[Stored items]
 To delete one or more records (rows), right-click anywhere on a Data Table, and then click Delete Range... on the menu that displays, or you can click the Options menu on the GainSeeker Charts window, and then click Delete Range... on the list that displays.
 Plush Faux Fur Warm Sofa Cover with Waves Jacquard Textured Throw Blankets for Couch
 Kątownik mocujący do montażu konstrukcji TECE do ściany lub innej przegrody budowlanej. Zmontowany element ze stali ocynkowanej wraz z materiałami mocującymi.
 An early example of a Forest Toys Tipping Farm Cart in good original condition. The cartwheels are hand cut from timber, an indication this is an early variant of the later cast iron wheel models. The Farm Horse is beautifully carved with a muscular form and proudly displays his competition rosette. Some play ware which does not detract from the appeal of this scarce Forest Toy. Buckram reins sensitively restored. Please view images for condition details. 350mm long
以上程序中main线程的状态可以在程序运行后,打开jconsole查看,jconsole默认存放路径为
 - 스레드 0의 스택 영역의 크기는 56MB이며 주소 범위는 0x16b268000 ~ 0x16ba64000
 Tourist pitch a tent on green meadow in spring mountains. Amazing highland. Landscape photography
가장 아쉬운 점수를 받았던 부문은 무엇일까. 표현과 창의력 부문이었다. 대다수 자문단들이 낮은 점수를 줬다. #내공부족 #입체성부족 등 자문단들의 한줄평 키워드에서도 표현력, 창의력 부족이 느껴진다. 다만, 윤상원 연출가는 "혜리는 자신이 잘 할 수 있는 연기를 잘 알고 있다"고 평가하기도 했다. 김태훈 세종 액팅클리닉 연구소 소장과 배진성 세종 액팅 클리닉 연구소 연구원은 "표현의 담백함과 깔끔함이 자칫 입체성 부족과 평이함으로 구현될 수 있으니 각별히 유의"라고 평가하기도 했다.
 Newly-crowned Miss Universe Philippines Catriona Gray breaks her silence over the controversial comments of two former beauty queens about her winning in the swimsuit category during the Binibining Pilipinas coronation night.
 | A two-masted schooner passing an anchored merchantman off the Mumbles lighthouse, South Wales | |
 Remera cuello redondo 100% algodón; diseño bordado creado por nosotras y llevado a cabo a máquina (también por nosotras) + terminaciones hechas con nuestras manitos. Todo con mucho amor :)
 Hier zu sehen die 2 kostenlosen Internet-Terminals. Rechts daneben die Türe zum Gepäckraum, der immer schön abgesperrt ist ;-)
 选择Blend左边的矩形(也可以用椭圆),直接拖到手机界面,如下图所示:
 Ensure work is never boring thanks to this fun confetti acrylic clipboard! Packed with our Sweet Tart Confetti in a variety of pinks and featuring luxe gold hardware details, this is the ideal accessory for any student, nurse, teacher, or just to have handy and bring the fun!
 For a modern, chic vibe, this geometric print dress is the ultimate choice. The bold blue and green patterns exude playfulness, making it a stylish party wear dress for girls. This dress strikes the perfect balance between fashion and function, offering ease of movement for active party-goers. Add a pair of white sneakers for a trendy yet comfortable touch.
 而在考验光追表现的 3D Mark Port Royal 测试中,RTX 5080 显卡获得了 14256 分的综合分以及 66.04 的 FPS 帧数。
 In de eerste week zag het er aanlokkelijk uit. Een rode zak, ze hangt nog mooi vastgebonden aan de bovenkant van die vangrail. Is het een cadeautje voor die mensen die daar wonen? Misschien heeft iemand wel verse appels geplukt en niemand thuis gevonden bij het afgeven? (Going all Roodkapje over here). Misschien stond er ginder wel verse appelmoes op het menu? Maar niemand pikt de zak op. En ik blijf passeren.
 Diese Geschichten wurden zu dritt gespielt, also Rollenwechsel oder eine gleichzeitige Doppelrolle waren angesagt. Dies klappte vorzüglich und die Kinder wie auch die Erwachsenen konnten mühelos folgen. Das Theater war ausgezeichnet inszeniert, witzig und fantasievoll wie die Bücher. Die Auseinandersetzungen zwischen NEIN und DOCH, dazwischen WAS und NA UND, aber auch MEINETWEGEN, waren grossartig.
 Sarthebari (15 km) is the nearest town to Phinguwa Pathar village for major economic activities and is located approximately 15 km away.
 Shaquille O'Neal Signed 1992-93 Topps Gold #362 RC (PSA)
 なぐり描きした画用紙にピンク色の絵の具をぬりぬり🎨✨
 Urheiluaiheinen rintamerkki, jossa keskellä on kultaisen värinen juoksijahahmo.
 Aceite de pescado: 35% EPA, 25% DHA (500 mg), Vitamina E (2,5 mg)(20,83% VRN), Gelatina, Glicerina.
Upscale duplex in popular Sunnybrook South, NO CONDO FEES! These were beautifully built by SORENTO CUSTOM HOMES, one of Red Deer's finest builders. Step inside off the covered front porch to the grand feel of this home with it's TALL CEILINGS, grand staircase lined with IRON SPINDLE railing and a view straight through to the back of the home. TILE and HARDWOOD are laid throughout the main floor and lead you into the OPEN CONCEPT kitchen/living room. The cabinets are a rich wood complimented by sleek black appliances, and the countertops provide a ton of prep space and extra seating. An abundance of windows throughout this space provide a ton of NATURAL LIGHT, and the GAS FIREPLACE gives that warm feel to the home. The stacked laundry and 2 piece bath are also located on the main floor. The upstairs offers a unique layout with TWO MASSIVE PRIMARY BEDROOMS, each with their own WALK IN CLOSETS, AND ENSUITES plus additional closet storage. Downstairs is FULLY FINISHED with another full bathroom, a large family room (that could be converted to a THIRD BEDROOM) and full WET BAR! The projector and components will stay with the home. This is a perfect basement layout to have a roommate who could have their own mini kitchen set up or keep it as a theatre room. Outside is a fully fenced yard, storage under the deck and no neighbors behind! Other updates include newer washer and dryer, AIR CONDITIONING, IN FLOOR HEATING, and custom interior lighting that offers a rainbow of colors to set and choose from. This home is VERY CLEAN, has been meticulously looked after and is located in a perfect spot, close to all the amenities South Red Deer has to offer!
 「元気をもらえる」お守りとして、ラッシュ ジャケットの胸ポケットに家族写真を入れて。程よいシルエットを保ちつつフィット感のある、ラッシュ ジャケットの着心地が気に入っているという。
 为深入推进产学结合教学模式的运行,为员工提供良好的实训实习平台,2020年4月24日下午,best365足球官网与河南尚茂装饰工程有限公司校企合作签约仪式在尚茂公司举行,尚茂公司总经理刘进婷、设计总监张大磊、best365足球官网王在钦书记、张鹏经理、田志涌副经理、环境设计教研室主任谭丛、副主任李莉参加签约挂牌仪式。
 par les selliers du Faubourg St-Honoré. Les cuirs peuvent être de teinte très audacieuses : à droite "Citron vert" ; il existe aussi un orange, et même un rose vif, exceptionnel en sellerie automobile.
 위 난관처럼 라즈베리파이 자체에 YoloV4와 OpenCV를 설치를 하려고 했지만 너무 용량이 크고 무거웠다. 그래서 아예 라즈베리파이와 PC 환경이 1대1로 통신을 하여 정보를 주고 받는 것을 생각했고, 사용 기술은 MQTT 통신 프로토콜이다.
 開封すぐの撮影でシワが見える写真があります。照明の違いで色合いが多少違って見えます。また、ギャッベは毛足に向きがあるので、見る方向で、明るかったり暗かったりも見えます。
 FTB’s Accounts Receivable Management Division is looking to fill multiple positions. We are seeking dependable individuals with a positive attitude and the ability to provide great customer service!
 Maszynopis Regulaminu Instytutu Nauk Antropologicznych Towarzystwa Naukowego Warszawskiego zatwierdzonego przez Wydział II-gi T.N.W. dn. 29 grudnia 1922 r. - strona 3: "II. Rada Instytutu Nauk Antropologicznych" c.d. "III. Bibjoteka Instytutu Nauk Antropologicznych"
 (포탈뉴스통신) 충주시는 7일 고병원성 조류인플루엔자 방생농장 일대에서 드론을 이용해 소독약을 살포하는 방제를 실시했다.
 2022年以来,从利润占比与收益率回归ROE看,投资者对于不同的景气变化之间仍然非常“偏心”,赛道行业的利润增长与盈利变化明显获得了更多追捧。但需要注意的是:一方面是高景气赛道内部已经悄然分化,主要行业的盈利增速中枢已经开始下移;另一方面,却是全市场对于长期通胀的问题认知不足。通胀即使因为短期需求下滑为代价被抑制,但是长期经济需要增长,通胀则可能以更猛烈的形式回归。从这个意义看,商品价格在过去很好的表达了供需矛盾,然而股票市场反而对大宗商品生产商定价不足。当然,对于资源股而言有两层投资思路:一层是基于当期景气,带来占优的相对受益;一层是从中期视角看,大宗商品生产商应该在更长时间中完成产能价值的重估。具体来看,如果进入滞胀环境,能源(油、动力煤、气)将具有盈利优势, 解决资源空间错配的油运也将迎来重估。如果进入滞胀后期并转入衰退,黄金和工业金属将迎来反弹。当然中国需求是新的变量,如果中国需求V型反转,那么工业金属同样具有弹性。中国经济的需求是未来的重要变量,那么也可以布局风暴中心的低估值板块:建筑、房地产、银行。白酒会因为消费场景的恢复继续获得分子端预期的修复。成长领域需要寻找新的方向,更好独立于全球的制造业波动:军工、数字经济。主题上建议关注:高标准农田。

**Aim of the exercise:** Copy exactly the stretch of data above from the line with "For a modern, chic" through the line with "而在考验光追表现的 3D Mark", and omit all other lines.

**Output of the exercise:**
 For a modern, chic vibe, this geometric print dress is the ultimate choice. The bold blue and green patterns exude playfulness, making it a stylish party wear dress for girls. This dress strikes the perfect balance between fashion and function, offering ease of movement for active party-goers. Add a pair of white sneakers for a trendy yet comfortable touch.
 而在考验光追表现的 3D Mark Port Royal 测试中,RTX 5080 显卡获得了 14256 分的综合分以及 66.04 的 FPS 帧数。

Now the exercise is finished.